The proposal was to use a 1/2 inch of Nitropaste over or slightly distal to the insertion site of a basilic vein to dilate it so that the venipuncture and entire threading procedure would be easier in a vessel. Not for small diameter veins but to increase a 5-6mm vein so that vein wall damages are minimized with threading. Possibly decreasing initial trauma and provide preventative strategy for later DVT complications.

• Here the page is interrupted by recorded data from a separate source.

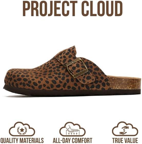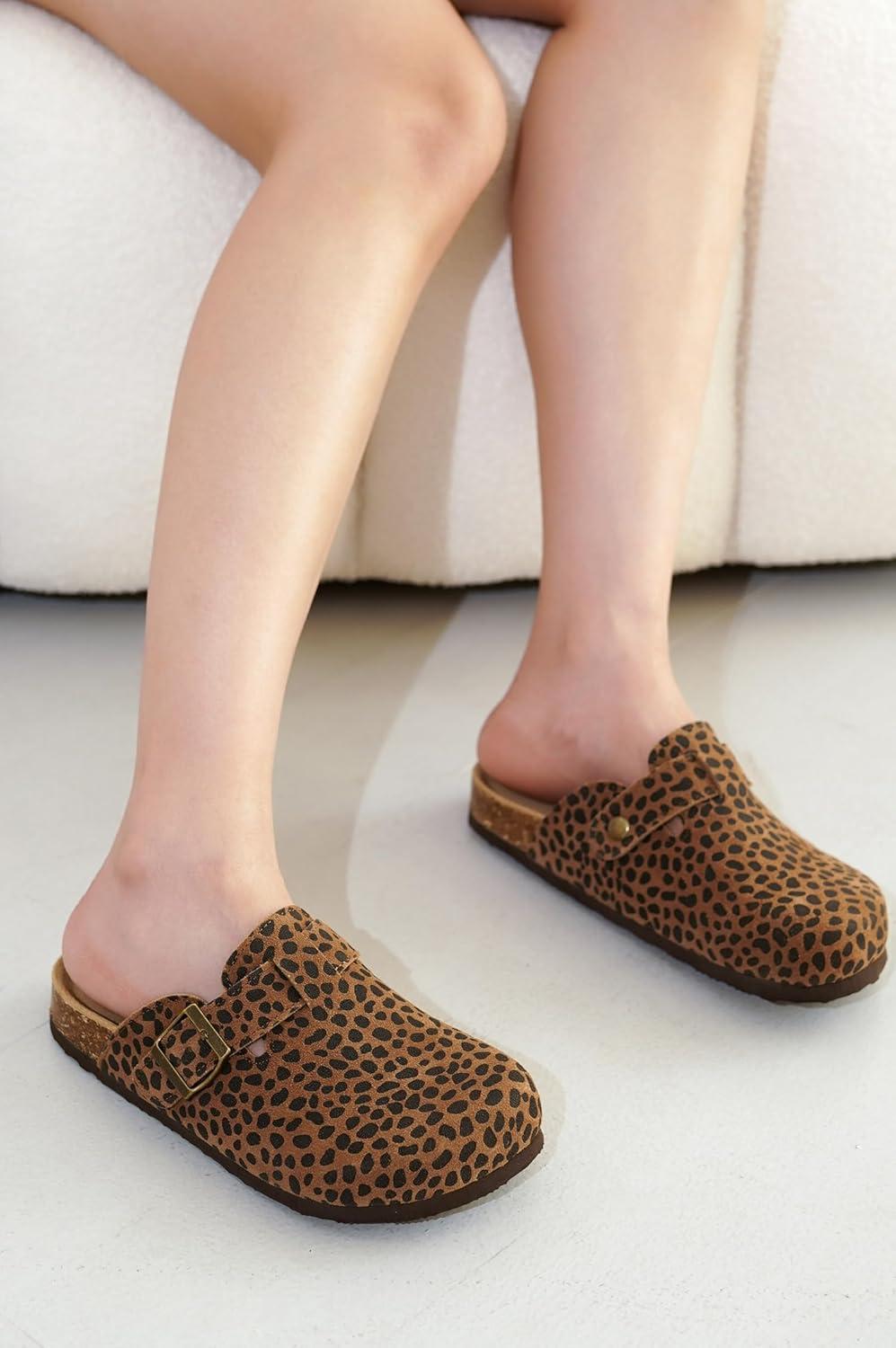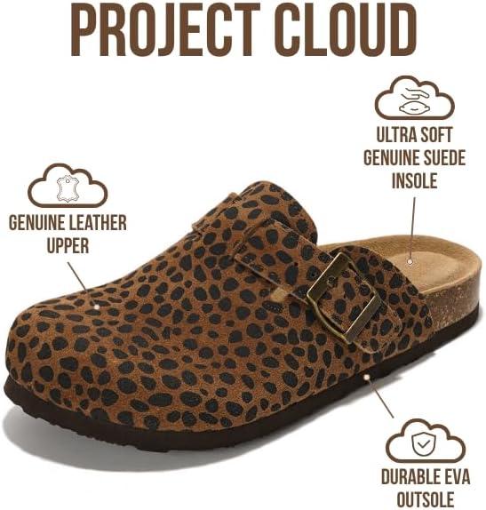 Project Cloud Genuine Leather Footbed Clogs for Women – Memory Foam Arch Support Slippers for Women – Trendy Slip-ons Women’s Mules & Clogs Sandals (Benton)(Dark Brown Leopard)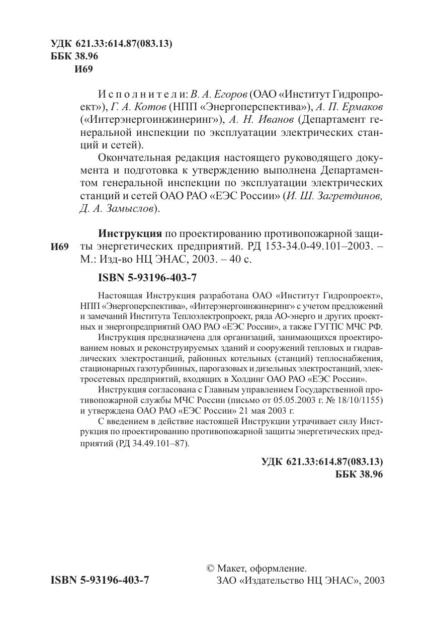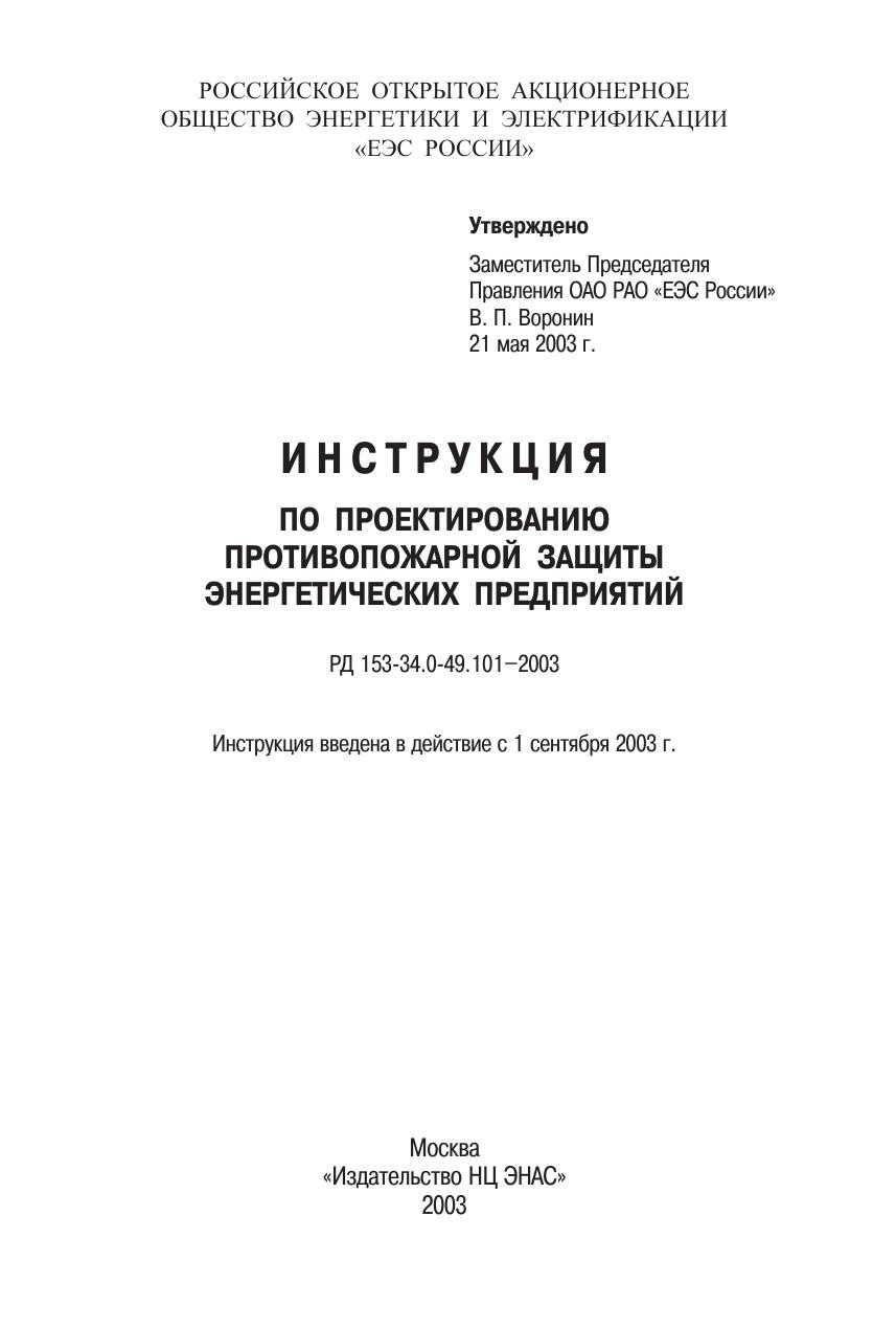 Настоящая Инструкция разработана ОАО «Институт Гидропроект». НИИ «Энергоперспектива», «Интерэнергоинжинеринг» с учетом предложений и замечаний Института Теплоэлектропроект, ряда АО-энерго и других проектных и энергопредприятий ОАО РАО «ЕЭС России», а также ГУГИС МЧС РФ. Инструкция предназначена для организаций, занимающихся проектированием новых и реконструируемых зданий и сооружений тепловых и гидравлических электростанций, районных котельных (станций) теплоснабжения, стационарных газотурбинных, парогазовых и дизельных электростанций, электросетевых предприятий, входящих в Холдинг ОАО РАО «ЕЭС России».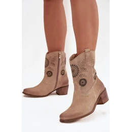Dámske členkové čižmy z prírodného semišu sú elegantnou a štýlovou voľbou na prechodné ročné obdobia a teplejšie jesenné dni. Jemný ažurový vzor dodáva celku ľahkosť a jedinečný charakter. Model je umiestnený na stabilnom podpätku v tvare kvádra, ktorý poskytuje pohodlie pri chôdzi a jemne zvýrazňuje postavu. Špička má mandľový tvar. Vďaka zapínaniu na zips sa ľahko obúvajú a vyzúvajú, čo zaručuje pohodlie pri každodennom nosení. Ide o členkové čižmy, ktoré dokonale doplnia každodenné aj elegantné oblečenie a dodajú mu jemnú eleganciu a módny charakter.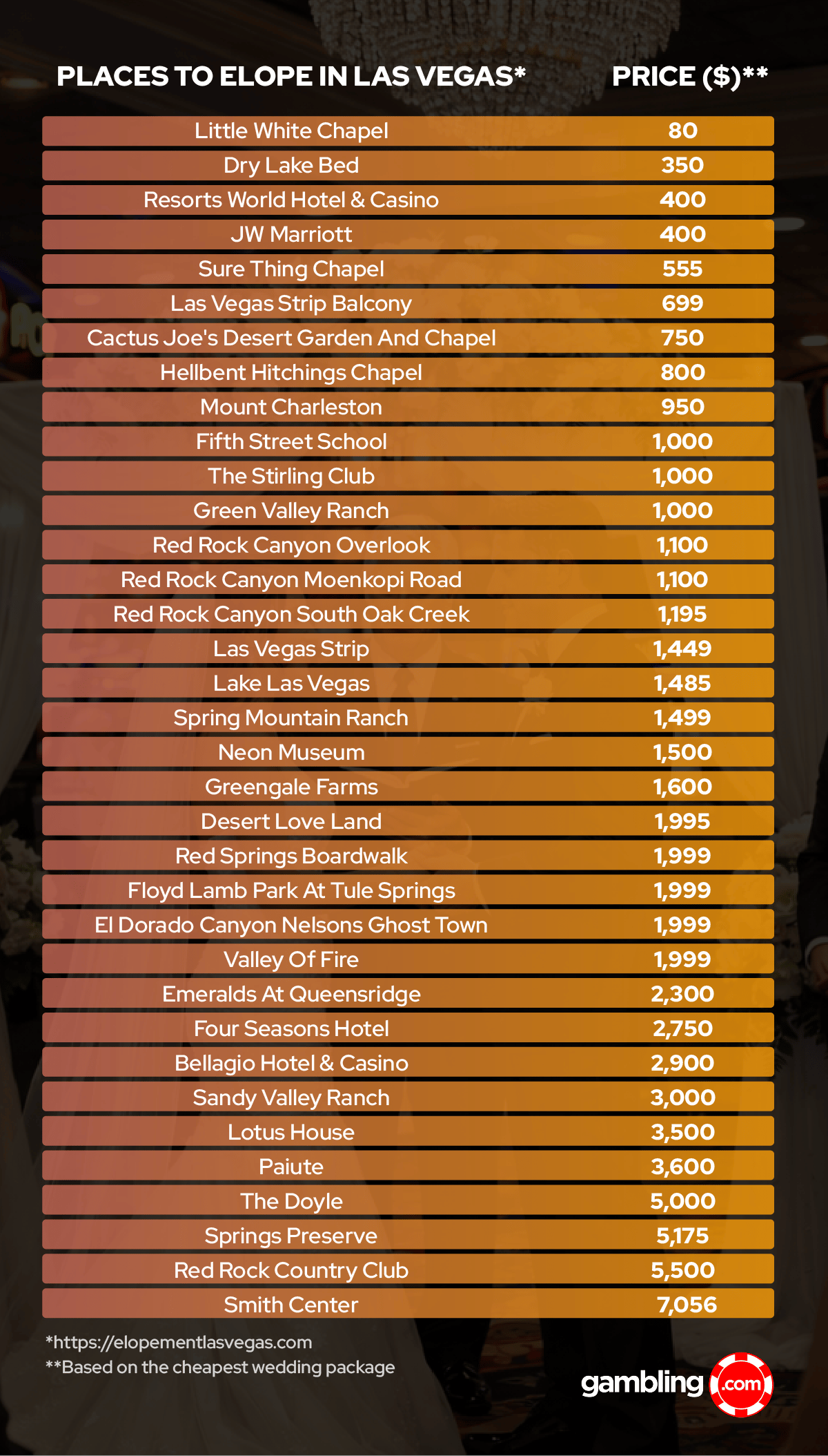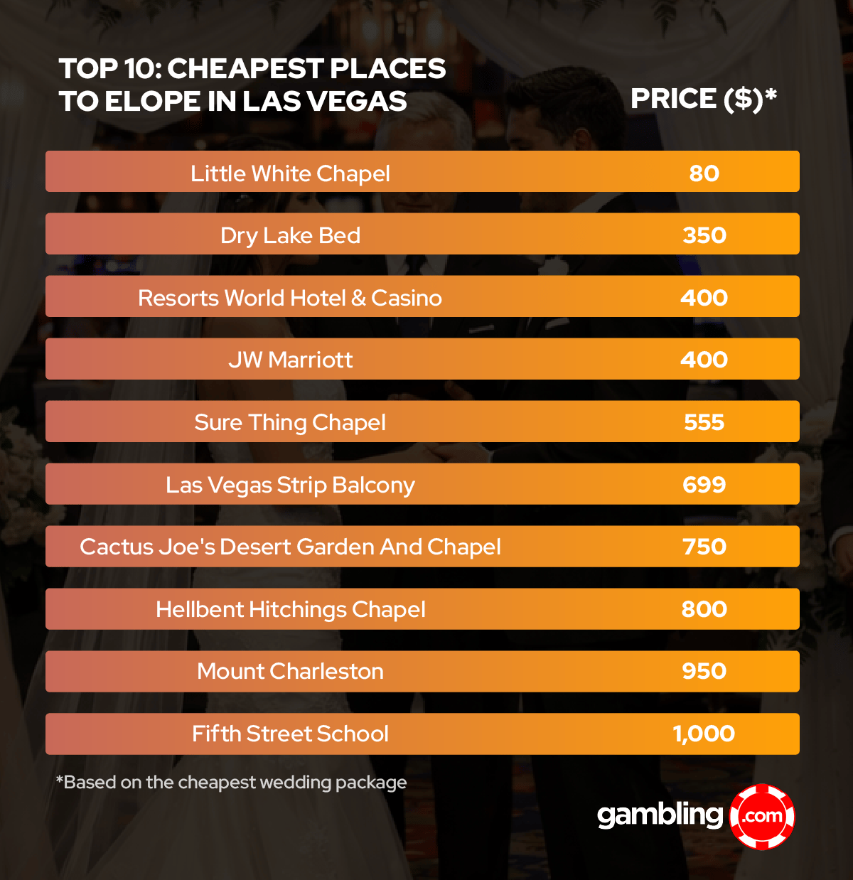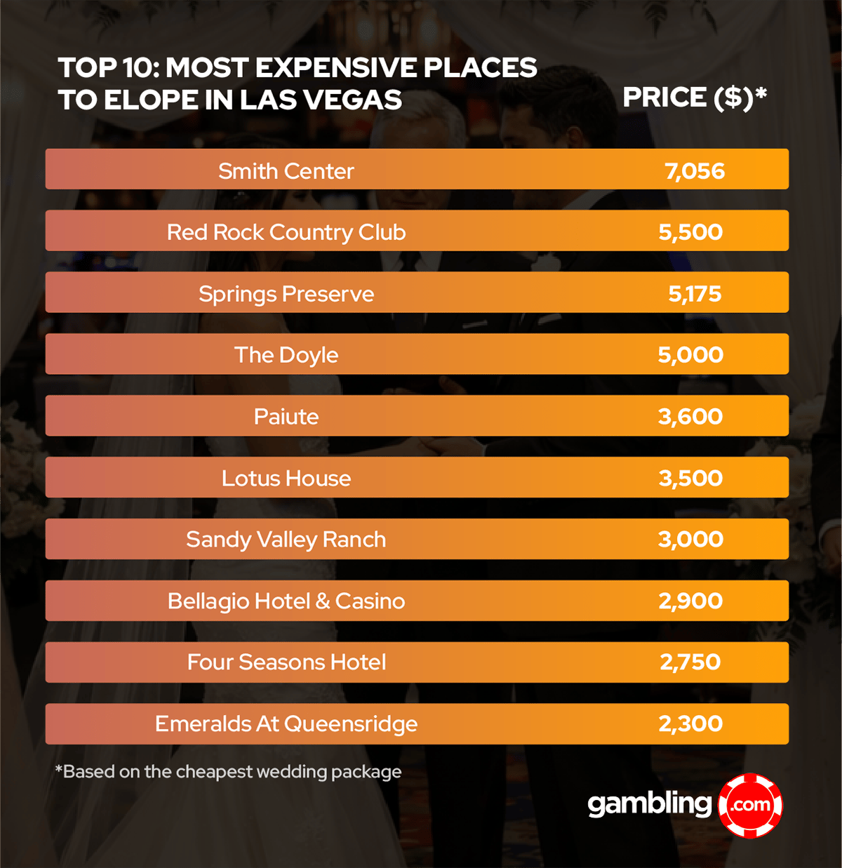 With so much choice available, the team at Gambling.com wanted to find out the cheapest and most expensive places to elope in Las Vegas.

Certainly screening patients with low B/P issues would negate this practice as NP may further drive systemic vasodilation in an unpleasant direction.
Is any one using Nitropaste either PRN or routinely under an approved Medical Protocol (via your Medical Director) for the above reasoning. I have heard of this practice performed during PICC insertions and would like some "pro and con" comments - if it is still being used....even occassionally.
Thanks very much!
Scott Gilbert, RN, CRNI, VA-BC
Hawaii
I was first asked and refused to use this approach in 1983 when it was suggested in a basic nursing journal. My concerns have not changed - this is a medication prescribed for cardiac problems.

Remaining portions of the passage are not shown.